2. Un polipéptido NNT-1, que
tiene la actividad biológica de estimular el crecimiento de neuronas
motoras o simpáticas, que es el polipéptido de la SEQ ID NO:2 o
NO:5, o un fragmento del polipéptido que tiene dicha actividad
biológica.
3. Un polipéptido NNT-1 según la
reivindicación 2, que no posee una metionina de aminoácido
terminal.
4. Un polipéptido NNT-1 según la
reivindicación 2, que posee además una metionina de aminoácido
terminal.
5. Un anticuerpo aislado y purificado, o su
fragmento, que se une de modo específico a un polipéptido que tiene
la actividad biológica de estimular el crecimiento de neuronas
motoras o simpáticas, seleccionándose el polipéptido de
(a) el polipéptido de la SEQ ID NO:2 o NO:5,
o
(b) el polipéptido que consiste en los
aminoácidos 1-198 de la SEQ ID NO:2 o NO:5.
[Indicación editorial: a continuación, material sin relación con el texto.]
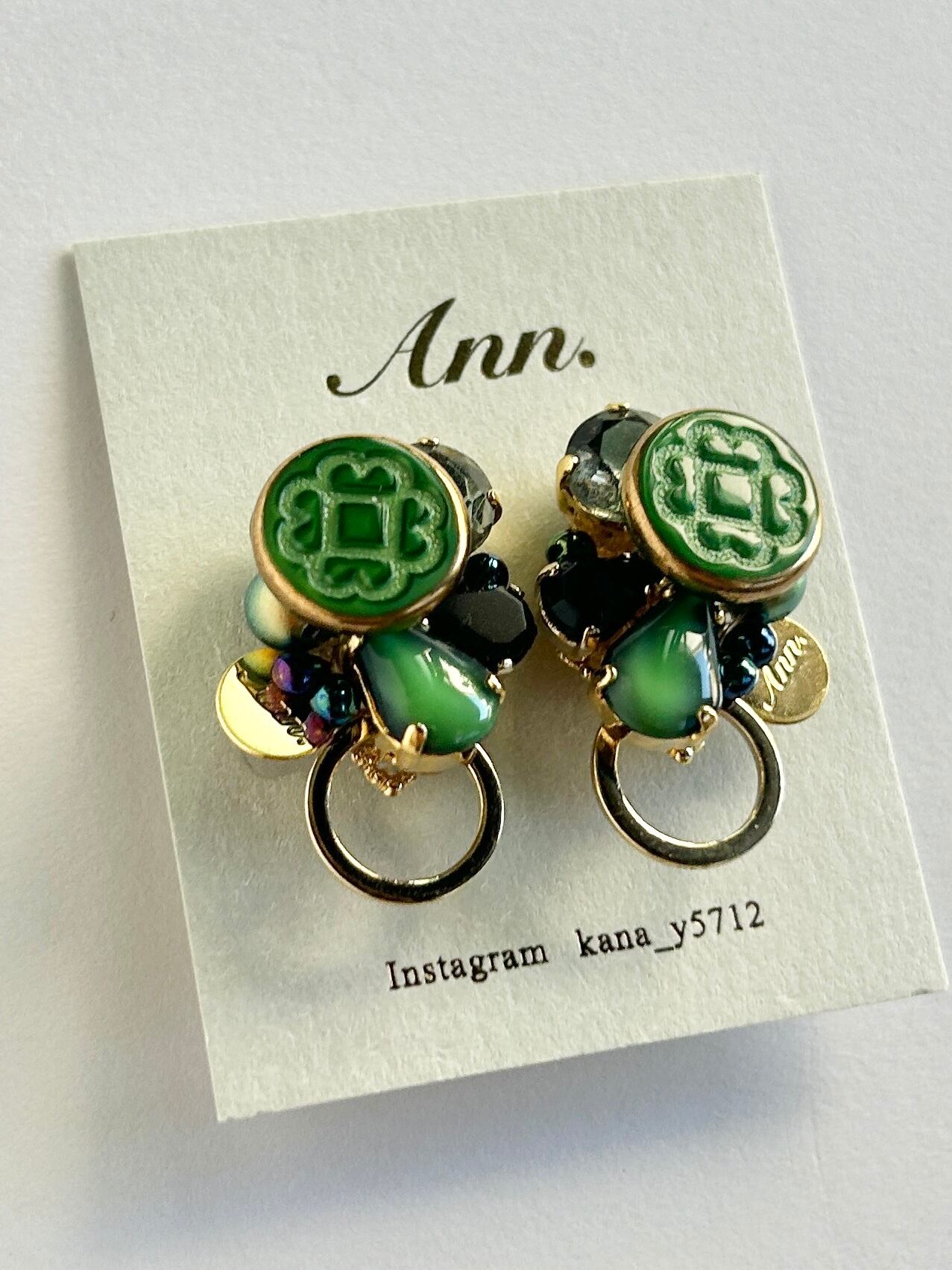秋らしいグリーンとブラックの耳飾り

6. Un anticuerpo aislado y purificado, o su
fragmento, según la reivindicación 5, en el que dicho anticuerpo es
un anticuerpo monoclonal o su fragmento.
7. Una molécula de ácido nucleico aislada que
codifica un polipéptido, en el que dicho polipéptido tiene la
actividad biologica de estimular el crecimiento de neuronas motoras
o simpáticas, seleccionado de
(a) la molécula de ácido nucleico de la SEQ ID
NO:1;
(b) la molécula de ácido nucleico de la SEQ ID
NO:3;
(c) la molécula de ácido nucleico de la SEQ ID
NO:4;
(d) una molécula de ácido nucleico que codifica
un polipéptido que consiste en los aminoácidos -27 a 198, o 1 a 198
de la SEQ ID NO:2 o NO:5;
(e) una molécula de ácido nucleico que codifica
un polipéptido que es al menos 70% idéntico al polipéptido de (d)
anterior; y
(f) una molécula de ácido nucleico que codifica
un fragmento de un polipéptido de (d) o (e) anterior, en el que
dicho fragmento de polipéptido tiene dicha actividad biológica.
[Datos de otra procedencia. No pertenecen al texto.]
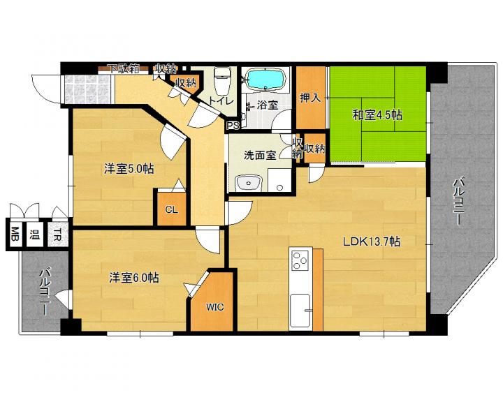 | 間取り詳細 | 和4.5帖 洋6.0帖 洋5.0帖 LDK13.7帖 |

8. Una molécula de ácido nucleico aislada de la
SEQ ID NO:1.
9. Una molécula de ácido nucleico aislada de la
SEQ ID NO:3.
10. Una molécula de ácido nucleico aislada que
codifica el polipéptido de la SEQ ID NO:2.
11. Una molécula de ácido nucleico aislada que
codifica los aminoácidos 1-198 de la SEQ ID
NO:2.
12. Un vector que comprende una molécula de ácido
nucleico de una cualquiera de las reivindicaciones 7 a 11.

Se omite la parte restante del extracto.